Data provided:
▶
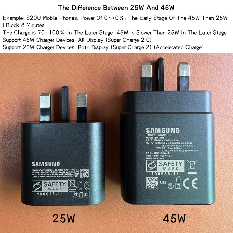 • Compatible Models:Super Fast Charging 2.0 max. 45W compatible with Galaxy Note 10+, Note 10+ 5G, A91 and future compatible devices / Super Fast Charging max. 25W compatible with Galaxy Note 10, Note 10 5G, S10 5G, A90 5G, A80, A70, Book S, and future compatible devices
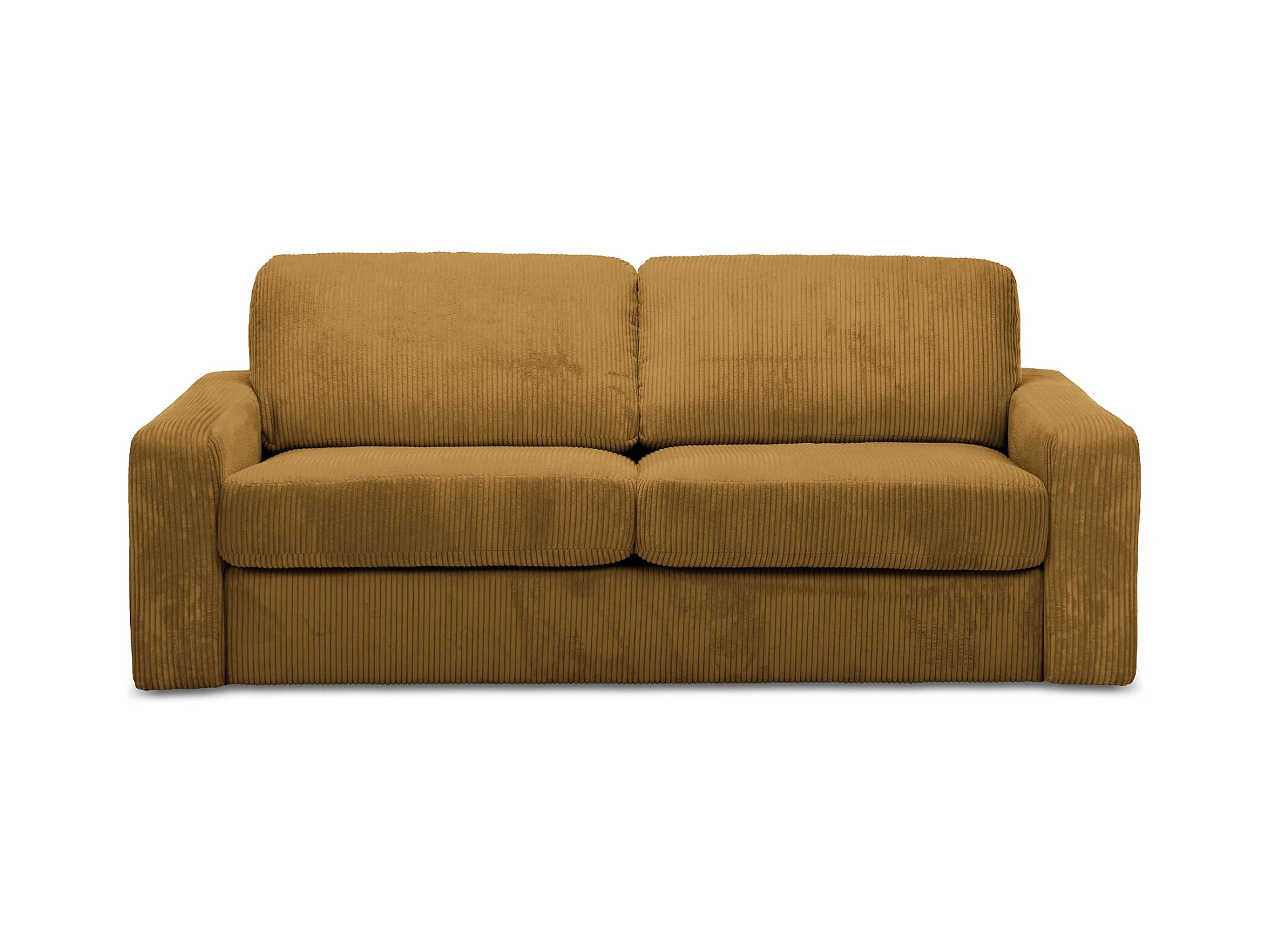 Driezits-slaapbank van mosterdgeel ribfluweel - NONA
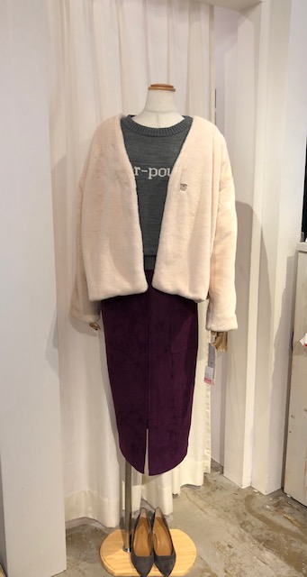 フェイクファージャケット 30%オフ💕 アイボリーの可愛いフェイクファーのアウターが入荷しております💕😃 ふわふわっと暖かくてとっても軽い⭐️⭐️⭐️ 春先にも大活躍しますよぉ〜 ネイビーとライトグレーもございます タイトスカート 7900円💓 2019年1月10日
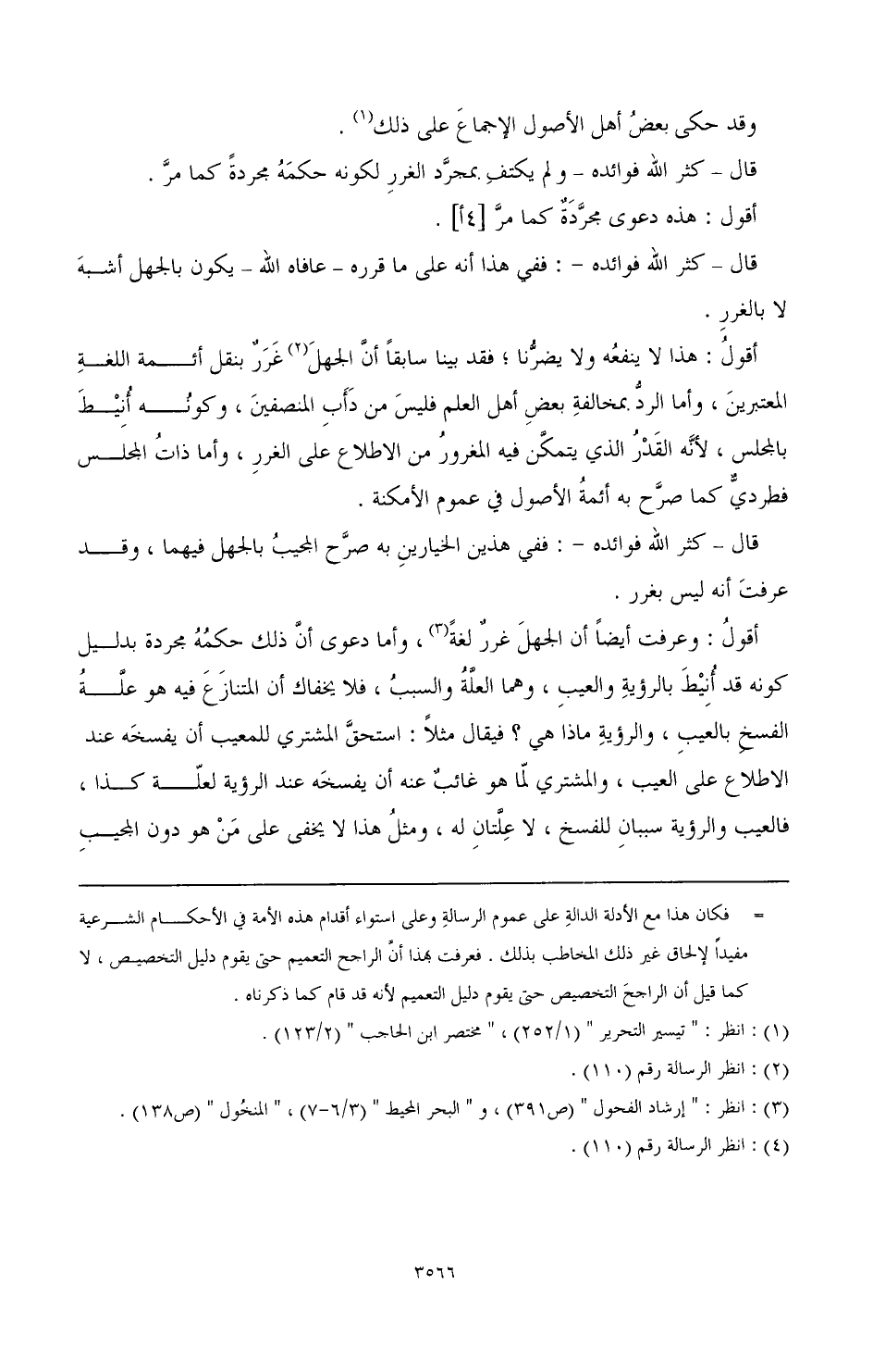 هذا لا ينفعه ولا يضرنا؛ فقد بينا سابقا أن الجهل (¬2) غرر بنقل أئمة اللغة المعتبرين، وأما الرد بمخالفة بعض أهل العلم فليس من دأب المنصفين، وكونه أنيط بالمجلس، لأنه القدر الذي يتمكن فيه المغرور من الاطلاع على الغرر وأما ذات المجلس فطردي كما صرح به أئمة الأصول في عموم الأمكنة.
◀
Try it:
Repeat exactly the lines from the one containing "Driezits-slaapbank van mosterdgeel" to the last line of the data above, both included, and write no pictures into the copy.

Answer for this exercise:
 Driezits-slaapbank van mosterdgeel ribfluweel - NONA
 フェイクファージャケット 30%オフ💕 アイボリーの可愛いフェイクファーのアウターが入荷しております💕😃 ふわふわっと暖かくてとっても軽い⭐️⭐️⭐️ 春先にも大活躍しますよぉ〜 ネイビーとライトグレーもございます タイトスカート 7900円💓 2019年1月10日
 هذا لا ينفعه ولا يضرنا؛ فقد بينا سابقا أن الجهل (¬2) غرر بنقل أئمة اللغة المعتبرين، وأما الرد بمخالفة بعض أهل العلم فليس من دأب المنصفين، وكونه أنيط بالمجلس، لأنه القدر الذي يتمكن فيه المغرور من الاطلاع على الغرر وأما ذات المجلس فطردي كما صرح به أئمة الأصول في عموم الأمكنة.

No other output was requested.